Fast forward to today and I am still captivated by the Eyre's as I see a family who knows success in the most worthy pursuits- individuals who work hard, who love each other, who are dedicated to their chosen fields in life be it education or business or motherhood, and who serve those around them.  I love seeing Richard and Linda's latest parenting books now that I'm in the stage where I could use help from a parenting expert.  The latest book from the Eyre's, The Entitlement Trap, has definitely caught my eye.  

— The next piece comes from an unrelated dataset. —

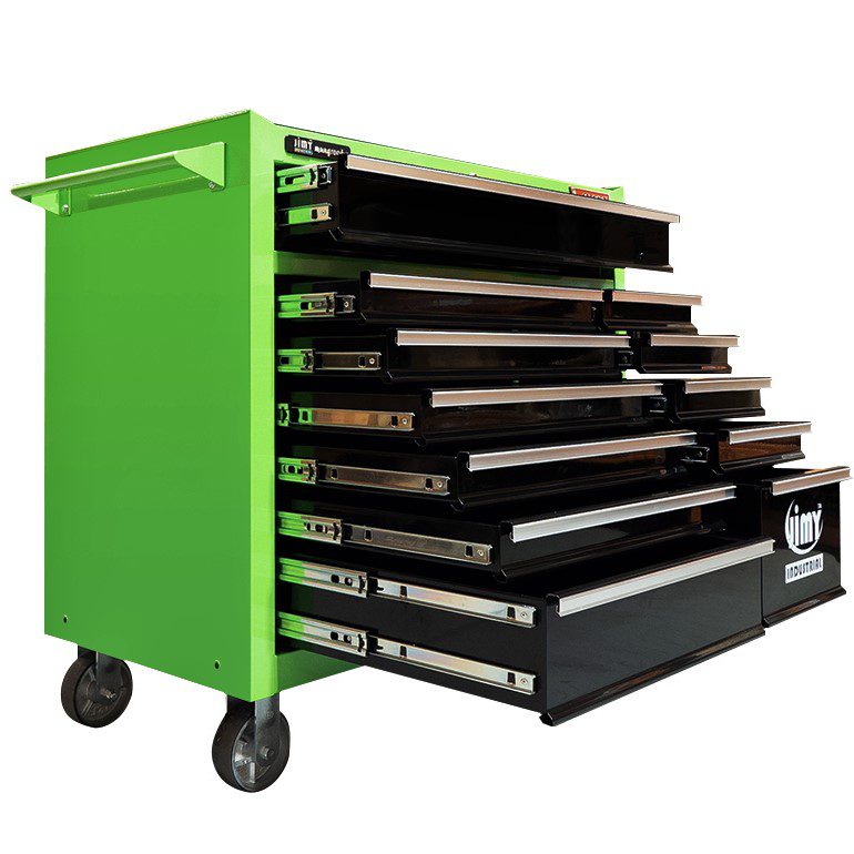 Jimy tool boxes are built to last with a tough industrial powder coating, 1.0mm thick steel, fully lockable with a rear internal locking system, dual gas strut system for lid & ball bearing slide drawers with twin slides on the deeper drawers.

When I was teaching school, I saw an increasing number of students who felt entitled.  They were entitled to good grades because of their sparkling personalities, and they couldn't make the connection when those grades weren't as good as they were hoping for that they hadn't done the work to earn said grades.  Sadly, after I met with parents I frequently saw where their entitled attitudes stemmed from.  I knew it was a battle that I could not easily overcome to instill values of hard work in those students.

One of my biggest fears as a parent is that my my kids won't know how to work.  I realized that my role is to teach them how, but it's hard to know how hard to push sometimes, especially at different ages.  I don't want to coddle my sensitive 4-year-old, but I don't want to hold him to the same expectations I have for my 6-year-old, either.  And I don't want to give my 6-year-old a never ending list of chores, but I want her to contribute in appropriate ways to our home and to begin to feel self-motivated.

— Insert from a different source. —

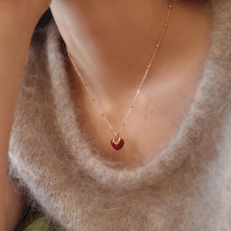 AMO Moulin Rouge Red Love Necklace Women's Temperament High-end Light Luxury Niche Collarbone Chain Woolen Chain Accessories

The Entitlement Trap helps give parents tools to teach their children about work and ownership, the antidote to attitudes of entitlement.  It's not just a book, it's the beginning of a movement to help overcome the entitlement that is cankering society today.  I recommend pre-ordering to get the book for an even better price and to help it debut on the best-seller list so more parents will take note of this great resource.  I'm not usually the kind to line up for a movie premier or to anticipate a book release, but I admittedly can't wait for this book.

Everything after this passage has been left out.